You say that you support you husband in his endeavors as he supports you in your medical career. But, if the unthinkable occured and he no longer supported you, would you happily hand over half of your net worth? Would you because he did support you during your early career, or would you not because you were the one fighting for your dream and it doesn't appear that he has or will in the near future entitle himself to any of your success?

I thank you for what I hope is an honest response to what I believe is a serious question.
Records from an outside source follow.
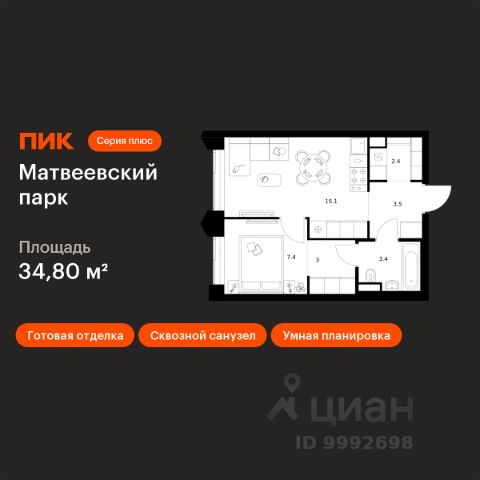 Цена указана с учётом скидки при 100%-й оплате, несубсидированной ипотеке, рассрочке (кроме программы "Рассрочка 0%"). В жилом квартале, расположенном на границе с природным заказником "Долина реки Очаковки", продаётся 2-комнатная квартира площадью 44.00 кв.м без отделки. Квартира расположена на 12 этаже 12-этажного корпуса 9 в жилом комплексе бизнес-класса Левел Мичуринский (компания Level Group/Левел групп). Отличная транспортная доступность: - от 10 мин. пешком до станции метро "Мичуринский проспект" - 15 мин. пешком до станции метро "Аминьевская" - 7 мин. на авто до МКАД - 10 мин. на авто до ТТК - 15 мин. на авто до Москва-Сити Продуманный архитектурный проект: - Выразительная архитектура от известных бюро: корпуса 1-6 - СПИЧ, корпуса 7-13 - Borisov Architects; - Из окон открываются живописные виды на парки, Москва-Сити и МГУ; - Высокие потолки до 6,35 м; - Стильные лобби с окнами в пол и высокими потолками до 4,7 м; - С каждого этажа дома на лифте можно спуститься в подземный отапливаемый паркинг. Расположение: Жилой комплекс Левел Мичуринский строится в одном из самых зелёных районов Москвы - Очаково-Матвеевское. Этот уголок столицы идеален для поддержания здорового образа жизни. В шаговой доступности от проекта находятся заказник "Долина реки Очаковки" - 1 мин. пешком и Очаковский парк - 7 мин. пешком. На велосипеде можно добраться до таких парков, как "Событие", парк Олимпийской деревни, парк 50-летия Октября и парк Школьников. В 15 минутах езды на авто расположено более 30 детских садов (из них 14 в пешей доступности), 32 школы (из них 13 в пешей доступности) и 14 вузов. Также в ближайшем окружении - более 25 медицинских учреждений, 11 спортивных клубов и 22 продуктовых супермаркета. Внутренняя инфраструктура: На территории жилого комплекса строится три детских сада и школа. На первых этажах домов откроется супермаркет, фитнес-центр, ресторан, кафе и другие сервисы. Подземные этажи займут паркинги: трёхуровневые - в этапах 1 и 2, одноуровневый - в этапах 3 и 4. Преимущества проекта: - 4,5 га благоустроенной территории с видовым мостом, уличным кинотеатром, зонами для тихого отдыха, работы, воркаута, площадки для петанка, футбола, настольного тенниса и пляжного волейбола. - Дизайнерские лобби с панорамным видом на двор, мойками для лап животных и комфортными зонами ожидания. - Безопасность жителей: круглосуточное видеонаблюдение всех зон общего пользования (лобби, лифты, паркинги, детские площадки), система контроля доступа, управление видеодомофоном через мобильное приложение, единый ключ доступа на территорию жилого комплекса. - Технологии и комфорт: высокоскоростной Wi-Fi в лобби и на придомовой территории, автоматическая система контроля и учёта ресурсов, абонентская связь с консьержем, распознавание номеров автомобилей при въезде в паркинг и выезде из него.
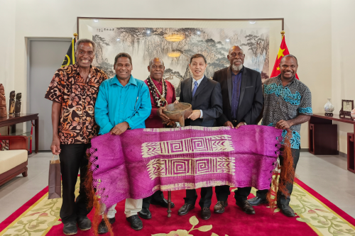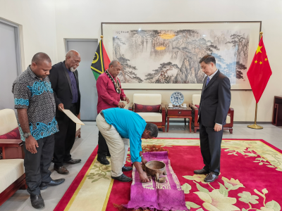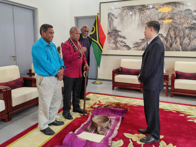 来瓦履新后不久,我有幸当面向帕拉苏瓦主席转达王毅同志的亲切问候。回想起那次访问,主席先生仍记忆犹新:“作为全国大酋长,我十分荣幸参与接待王毅阁下。中国一直是瓦努阿图的好朋友,是最早支持我们反对殖民统治、争取民族独立的国家。瓦独立后,中方继续像家人一样无私帮助建设急需的基础设施、派遣医疗队等,造福当地民众。这些善举义举,我们都铭记在心。”我从大酋长口中了解到,包括他自己在内的很多酋长都未曾去过中国,一直期待有朝一日能亲身感受中国的社会发展与传统文化。打那时起,我下定决心,一定要让这位中国人民的朋友带上各地酋长去中国走一走、看一看。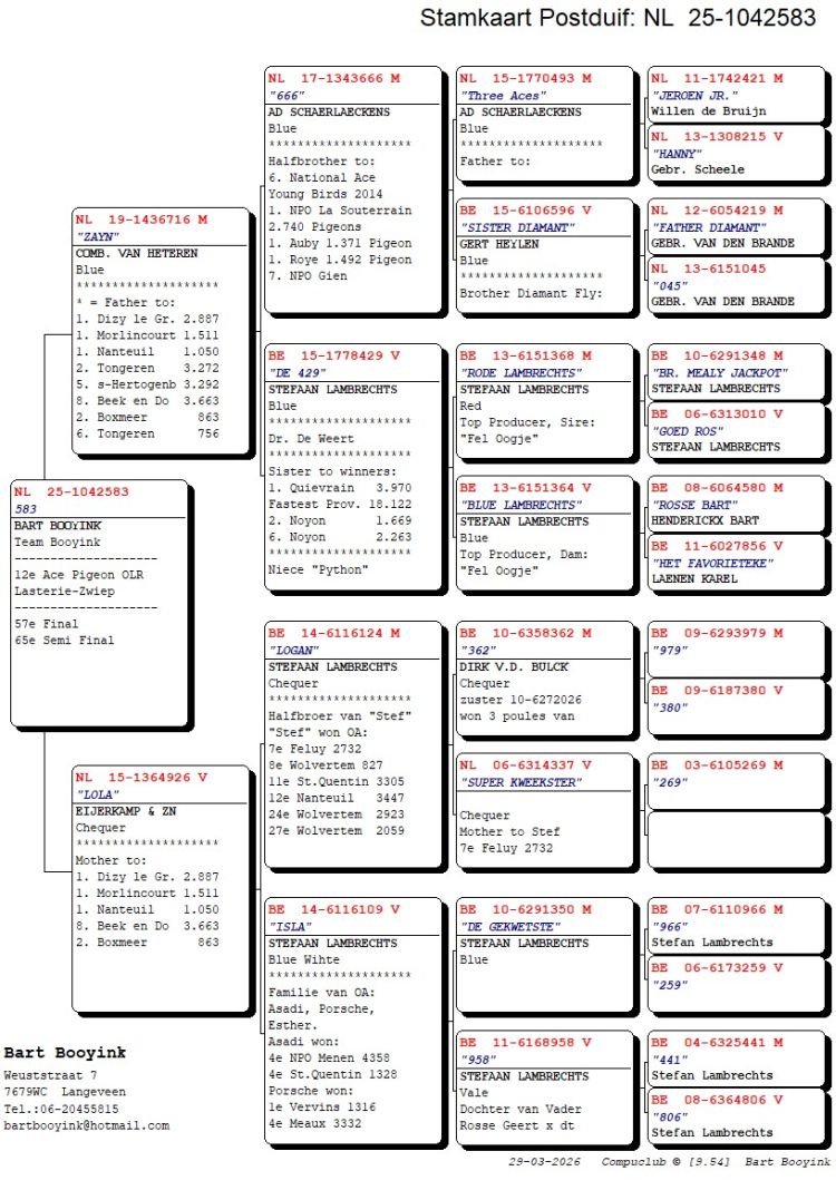 Proprietário: Team Schalen-Bakker (92º Final / ---º Pombo Ás)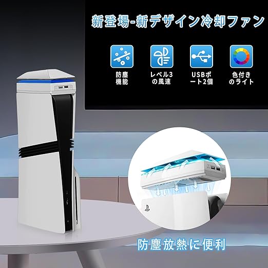 【新登場PS5 Pro用上部冷却ファン】PS5 Pro用上部放熱ファン。防塵設計、3段調整可能冷却システム、8モードRGBカラーランプバンド、追加2つのusbポート。これらの機能は、プレステ5 pro本体寿命を延長し、ゲーム体験を向上させるだけでなく、クールなゲーム気分を提供します。ディスク/デジタル版の両対応。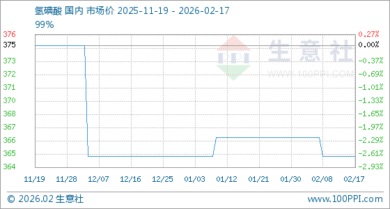 2月17日,生意社氢碘酸基准价为365.00元/吨,与本月初(366.67元/吨)相比,下降了0.46%。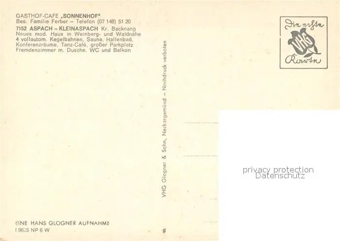 Kleinaspach Gasthof Café Sonnenhof Kegelbahn Kleinaspach postalisch nicht gelaufen nach 1965 Erhaltung siehe scans [FriedD77] Frierer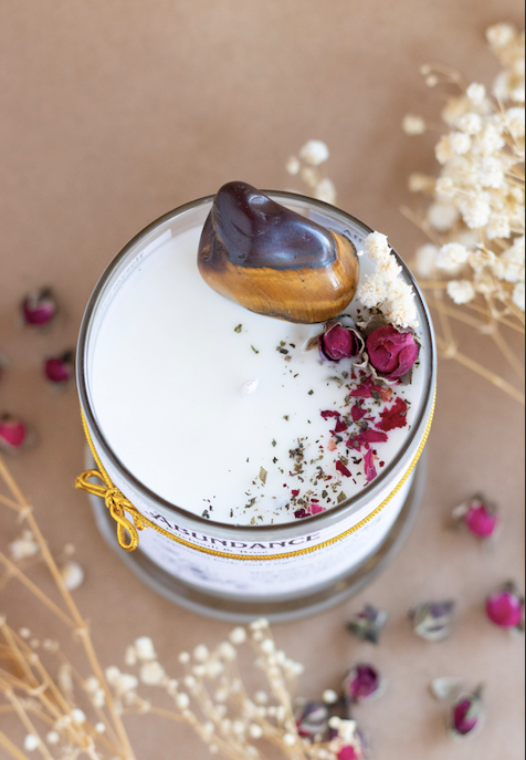 This candle is infused with specific herbs and oils used to manifest abundance, prosperity, and expansion on all levels. Infused with patchouli and rose essential oil, patchouli known in aromatherapy to ease tension, revitalize and stabilize. Rose is known in aromatherapy to sooth anxiety and stress. More info about the healing properties and aromatherapy benefits come with the candle.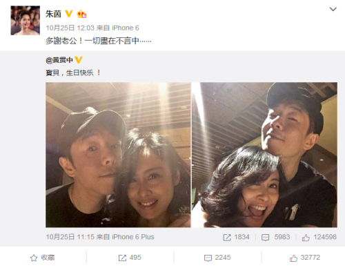 黄贯中昨日在微博上紧搂朱茵的甜蜜合照,并亲昵写下“宝贝,生日快乐”。照片中,夫妻俩头靠头紧紧相偎在一起,尤其朱茵一脸灿笑,幸福之情溢于言表。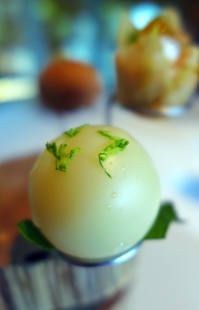 So our tasting menu begins with “The World” – A paper lantern representing the globe is dramatically opened up in front of the diner to reveal a mini planetarium of nibbles from around the World.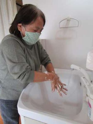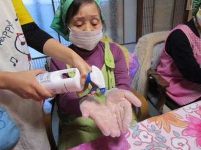 エプロン・三角巾・マスク・手袋をつけて手消毒もバッチリしたら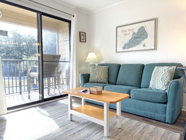 This beautiful one bedroom one-bathroom villa is located on the first floor of Ocean Villa A building. There is a fully equipped kitchen and eat in dining area. The master bedroom is furnished with a queen size bed. There are a set of captain's bunks located in the hallway - perfect for young children! The living area includes a queen size sleeper sofa. Enjoy the salt air right from the furnished balcony or take a short walk to the beach, pools, or courts!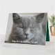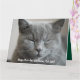 Feliz cartão de Natal Purr perfeito; perfeito para amantes de gatos! Este cartão apresenta um gato cinza tranquilo em uma soneca relaxada e confortável. Captura a beleza tranquila dos gatos nos seus momentos mais serenos. Design totalmente personalizável. mantenha esta gatinho de cinza bonita ou personalize a foto e a mensagem do cartão com a sua própria foto. Feliz Natal!
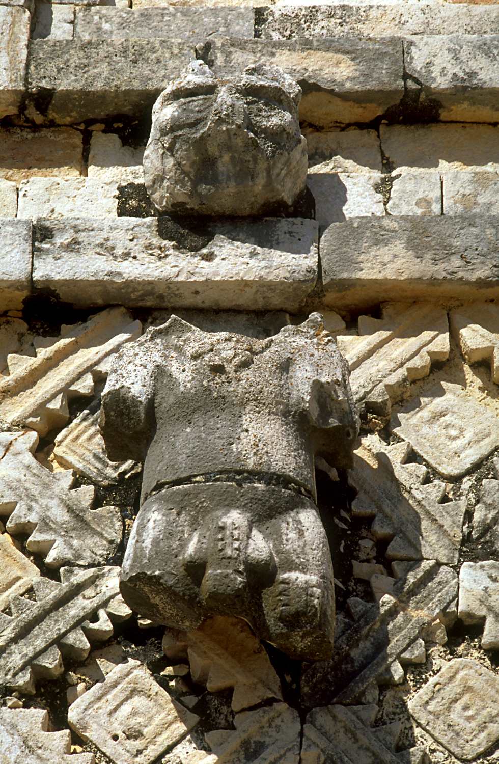 Naked male figure with short sticks through skin of penis and thigh, a jaquar head as headress, entirely restored.

I unfortunately am not impartial in the matter either. My father has divorced three times, and the divorce with my mother was particularly nasty. So I suppose you could say that my idea of the institution of marriage has been compromised.
 
I think this can be a fairly common situation. I will be the breadwinner (if i get there) and I sort of want that. My significant other will get good jobs, and he has a good career, but family members of mine would much prefer me to be a doctor or a dentist. I don't want that. It can be hard to convince people that you're happy, when they have such a distorted view of happiness themselves. Many professional people are driven by money and success, which can be good and bad. I've had to realize myself that different things make different people happy, and you have to accept that. Right now, do what i'm doing, make yourself happy first, but consider your future at the same time. If you have someone that truly respects you and makes you happy, then you are far ahead of many others.
With that said, you do have to consider your other half's financial situation, but don't look down on them for making different choices. Just because we picked a career that happens to make good money, doesn't mean we are better people. Its such a hard situation to be in, I know. But i'm sure you know in your heart what is best for you.